Arctic Sea Ice Milestone
April 29, 2010 | Anthony Watts
Today… the NANSEN is reporting that both Arctic Sea Ice area and extent are above the normal line. Usually we don’t see both in this mode. Here’s area:
And here is extent:
By itself, this is just a small thing, but it is just one more indication that there’s some improvement in the Arctic Ice situation again, and the indications are that we’ll have another summer extent that is higher than the previous year, for the third year in a row.
Of course our friends will argue that extent and area don’t matter now, that only volume and ice quality (the rotten ice meme) matters.
Interestingly, if you go back to the press releases on the record minimum extent in 2007 at NSIDC here:
http://nsidc.org/arcticseaicenews/2007.html
And search the entire set of release for the word “volume”, you won’t find it used anywhere that year. The volume worry is a more recent talking point that first appeared in October 2008 when it became apparent that extent wasn’t continuing to decline.

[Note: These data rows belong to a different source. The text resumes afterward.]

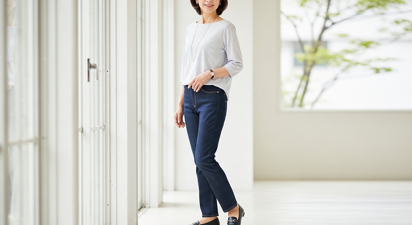 50代のデニムパンツ、もう迷わない!体型カバーできる選び方とコーデ
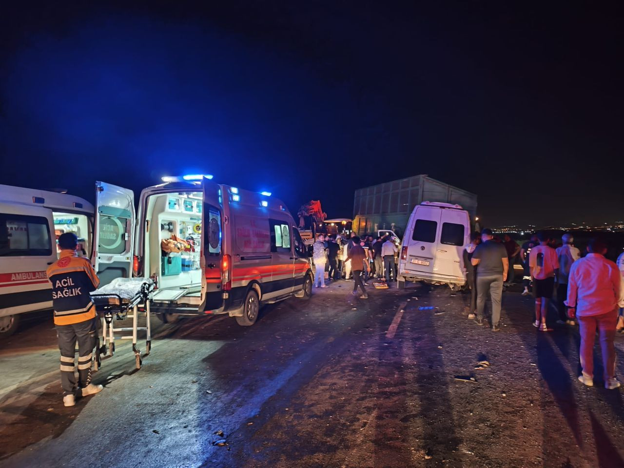 Kazada yaralanan 14 kişi hastanelere kaldırıldı.
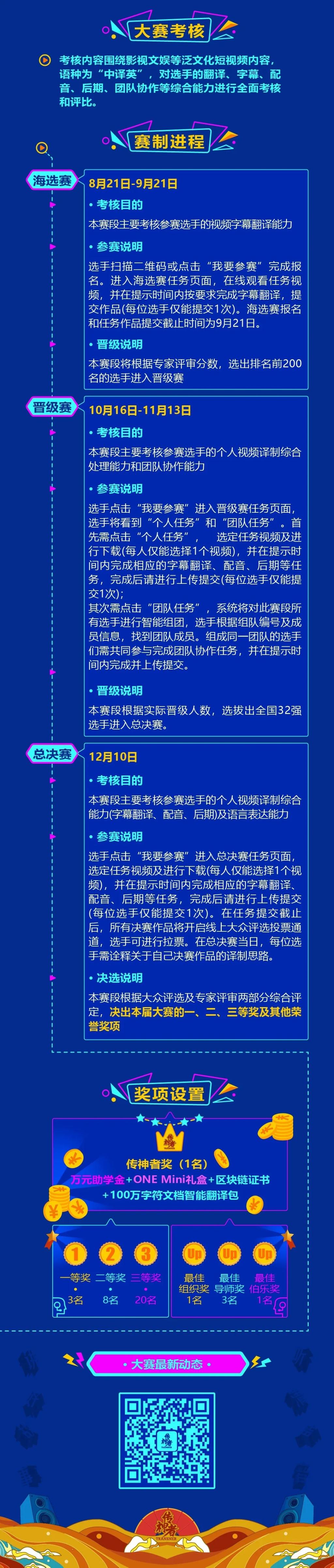大赛分海选赛、晋级赛和总决赛三场,采取淘汰制。全程将从视频字幕翻译、视频配音、视频后期制作、团队协作等多方面考察参赛选手的视频译制能力。
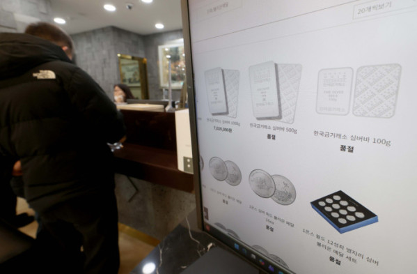 ▲대표적인 안전자산으로 꼽히는 금과 은 가격이 지정학적 긴장과 달러화에 대한 헤지(위험분산) 수요가 증가하면서 사상 최고치 기록을 경신한 가운데 26일 서울 종로구 한국금거래소에 은시세가 표시되고 있다. 블룸버그에 따르면 국제 금 현물 가격은 이날(한국 시간) 오전 8시 사상 처음으로 온스당 5000달러를 돌파했다. 은 현물 가격은 앞서 24일 오전 처음으로 온스당 100달러를 넘어섰다. 신태현 기자 holjjak@
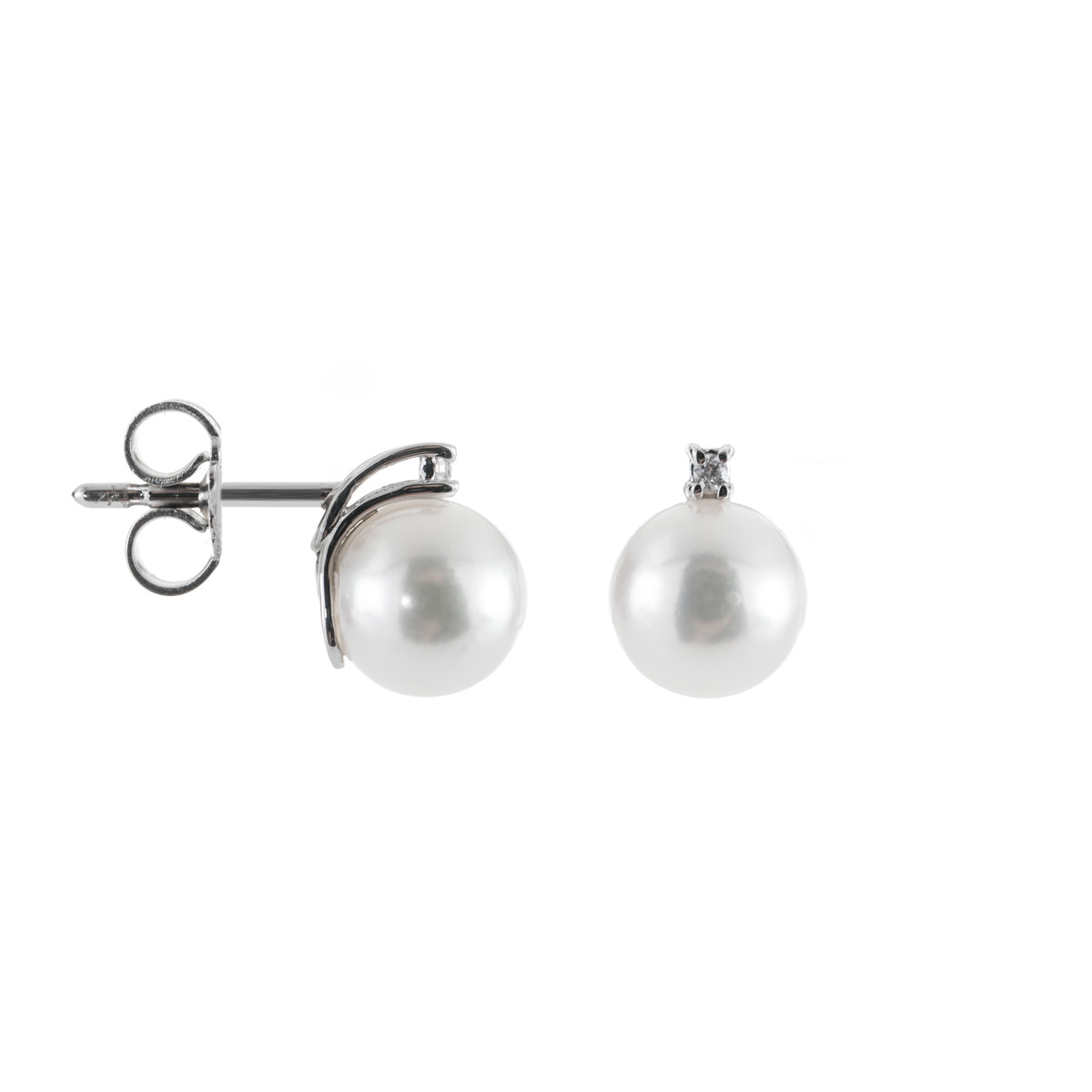 Orecchini in oro bianco 18kt. con perla coltivata giapponese Akoya e diamante naturale taglio brillante
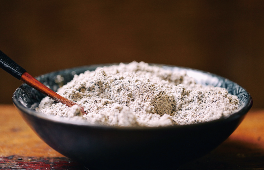 2、把黑芝麻粉、藕粉、炒制好的山药粉与大米粉倒入容器中;
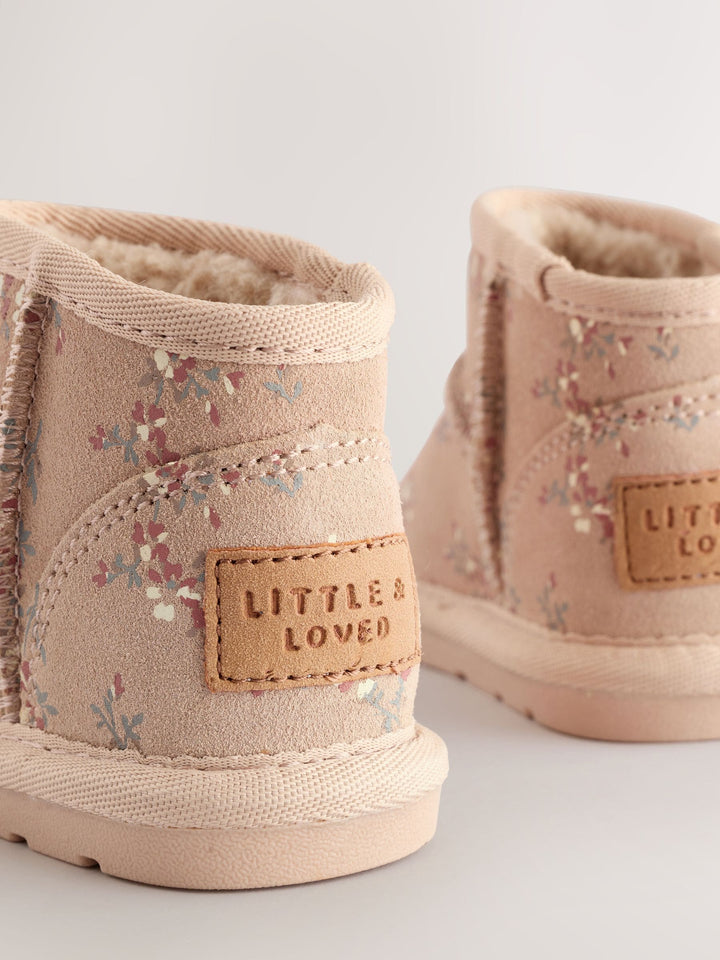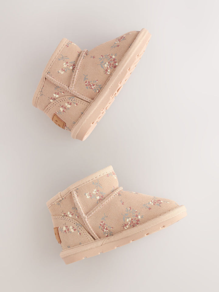 Neutral Floral Water Repellent Standard Fit (F) Suede Pull On Boots
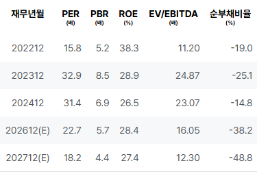 2026년은 매출, 영업이익, 순이익 모두 높은 성장세를 기록할 것으로 보입니다. PER은 낮아지면서 긍정적인 평가를 받을 것으로 예상됩니다. PBR은 안정세를 유지할 것으로 보입니다. |
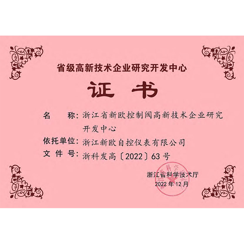 浙江省省級(jí)研發(fā)中心證書

They couldn’t tout another record low extent, so volume became the next big thing:
http://nsidc.org/arcticseaicenews/2008/
Arctic sea ice minimum press release
Please see the NSIDC press release, “Arctic Sea Ice Down to Second-Lowest Extent; Likely Record-Low Volume” for a detailed analysis of this year’s Arctic sea ice minimum and a synopsis of the 2008 melt season.
With nature still not cooperating with “death spiral predictions”, what will be the press release ice meme this year? Color? Texture? Cracks per square kilometer? It will be interesting to watch.